**AIM OF THE EXERCISE**.
In the listing below, locate the line with "Die Musikgruppe Kobenzer" and the line with "KES V141B BRASS", then output both and everything between them exactly, minus any pictures.

**DATA IN THIS EXERCISE**.
%%
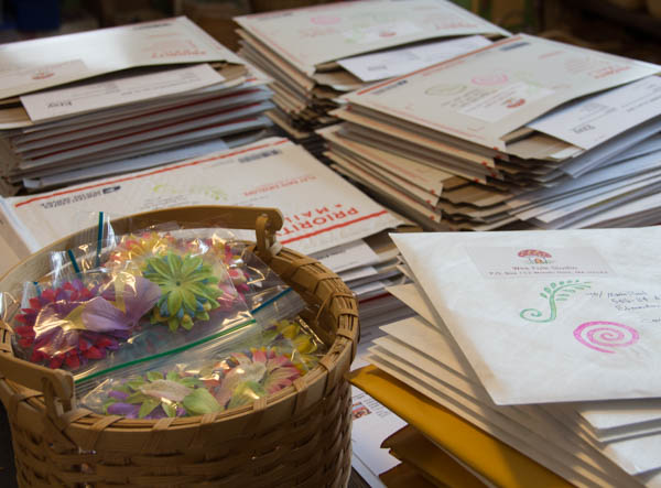To those of you who’ve pre-ordered the book through my Etsy Shop, thank you for your patience. It won’t be long before your copy is sent off. I’ve been busy preparing for the book’s arrival like an expectant parent for a new baby. My studio is stacked with 100’s of addressed US Priority Mail envelopes filled with extra goodies for my Etsy customers. Each book comes with a poster (folded flat), a wee folk notecard, and faux flowers to make 2 fairies. These items will also be included with orders placed after the book is released. And, of course I’ll autograph each book! FYI, Etsy now accepts credit cards in addition to Paypal. The book is also available through booksellers, but it doesn’t come with these bonus items.
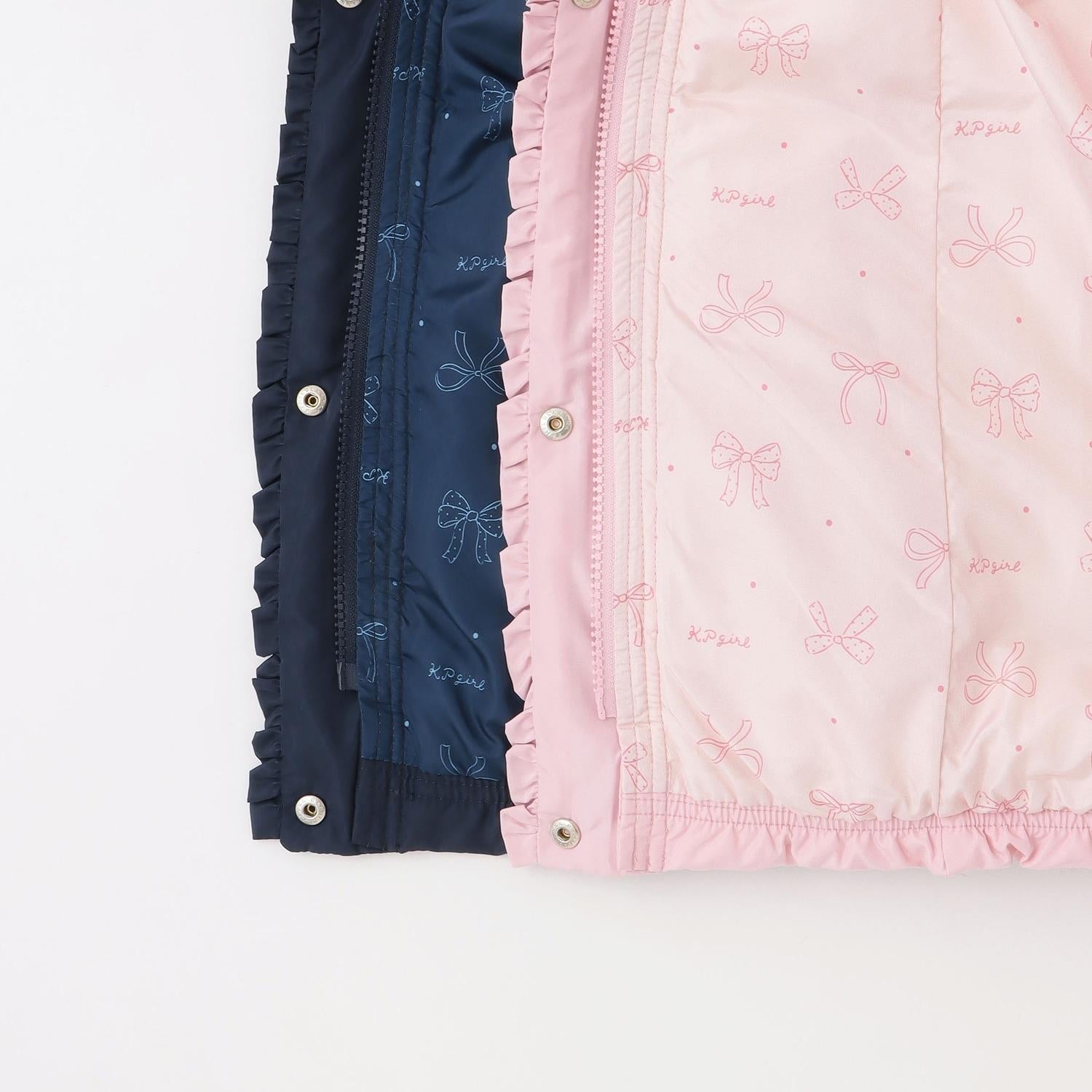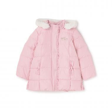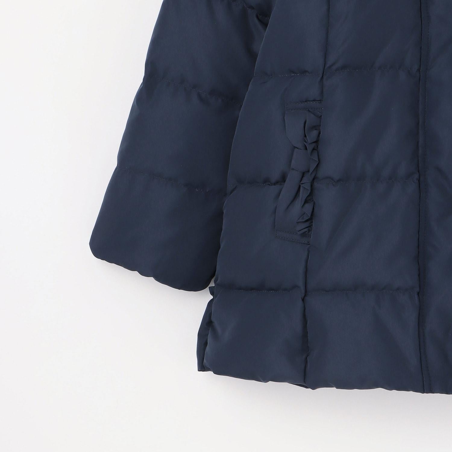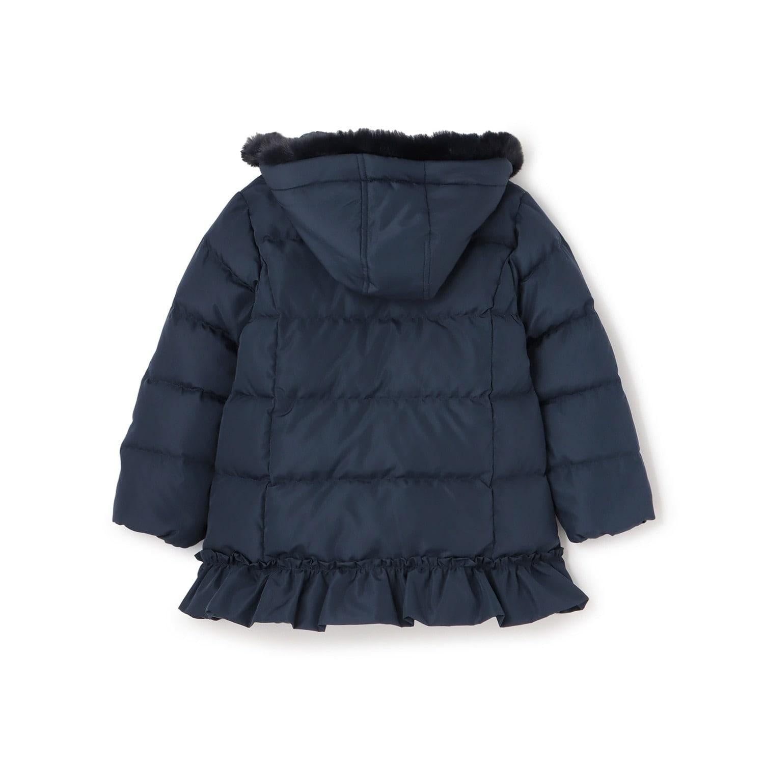 這是一款休閒可愛的羽絨服,後襬上有荷葉邊設計。
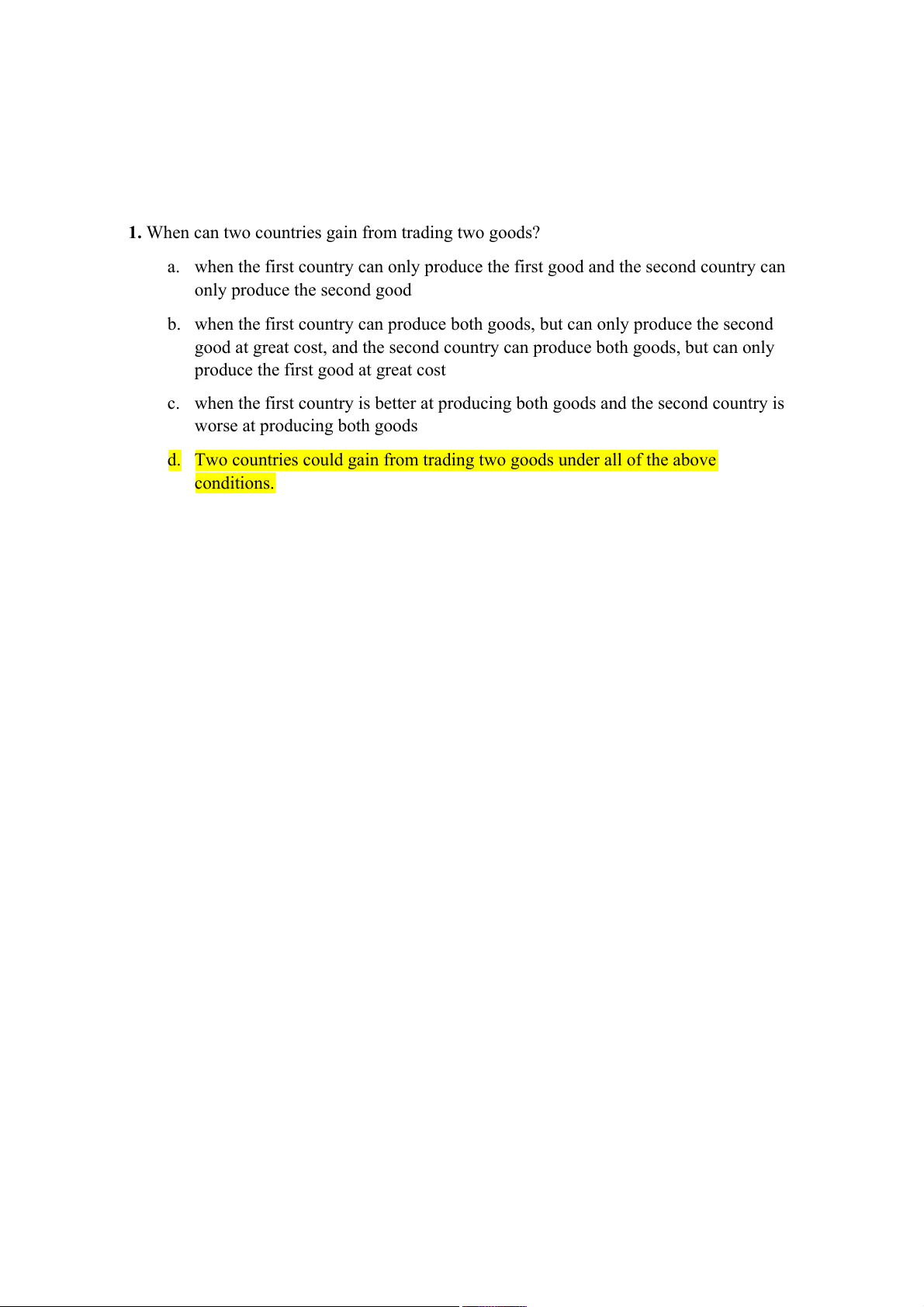 d. Two countries could gain from trading two goods under all of the above conditions.
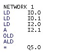 ,求高手指點,圖中的  LD  I0.1和LD  I2.0   A  I2.1進行邏輯或運算,然后再串聯后面的線圈輸出,但是前面的LD  I0.0和并聯部分再進行串聯卻未能在語句表中體現,請問這究竟是怎么一回事?
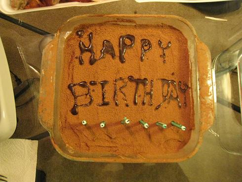 重頭戲來了! 跟Min認識也有十年了。十年來他吃我的手工點心和料理也有幾卡車了吧!半年前她跟我學了兩樣點心tiramisu和cream brulee,今天竟然用上了! 因為本週是我的生日,Min偷偷做了提拉米蘇幫我提前慶生讓我驚喜。我喜歡烤蛋糕幫別人慶生,自己生日卻不喜歡搞熱鬧。那種大家幫我唱歌的場面,真讓我很不好意思耶! 蛋糕照片要好好保存起來,這個算是十年友誼的紀念品吧! 下一個蛋糕不會還要等十年吧! 不管怎樣,真是感動啊!
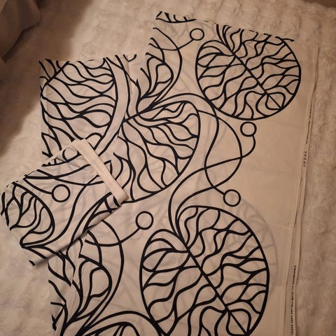 Marimekon paksusta puuvillasatiinista teetetyt verhot+ TL
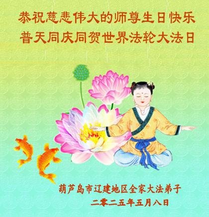 辽宁葫芦岛大法弟子及全家人恭祝师尊华诞!恭贺世界法轮大法日!
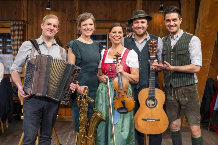 Die Musikgruppe Kobenzer Streich mit Traudi Siferlinger (vorne, links) und Dominik Glöbl (hinten, links).
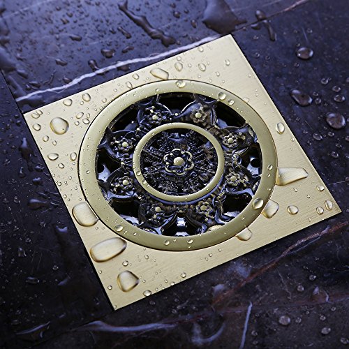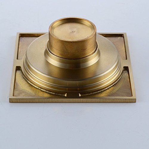KES V141B BRASS Shower Floor Drain with Removable Strainer Antique 4MM-Thick Panel, Polished Brass
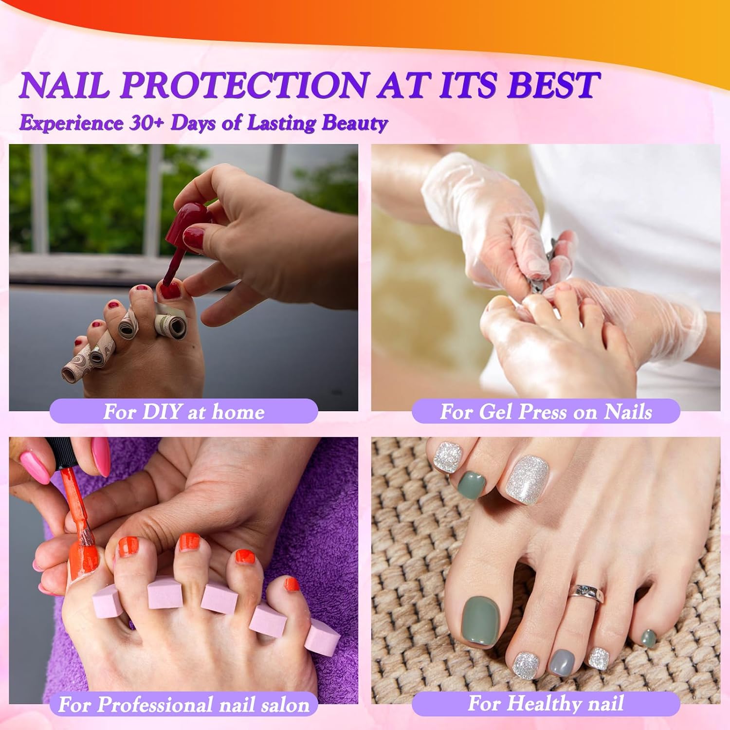SOFT GEL TOE TIPS: Our toenail tips are crafted from premium soft gel material that’s both strong, tough, and flexible. You won’t have to worry about them breaking or cracking easily. The no-crease design also ensures that color is applied evenly, making it a breeze to create your desired nail art effect. Put together with ease and speed, these tips offer a hassle-free nail extension experience
%%
**RESULT OF THIS TASK**.
 Die Musikgruppe Kobenzer Streich mit Traudi Siferlinger (vorne, links) und Dominik Glöbl (hinten, links).
KES V141B BRASS Shower Floor Drain with Removable Strainer Antique 4MM-Thick Panel, Polished Brass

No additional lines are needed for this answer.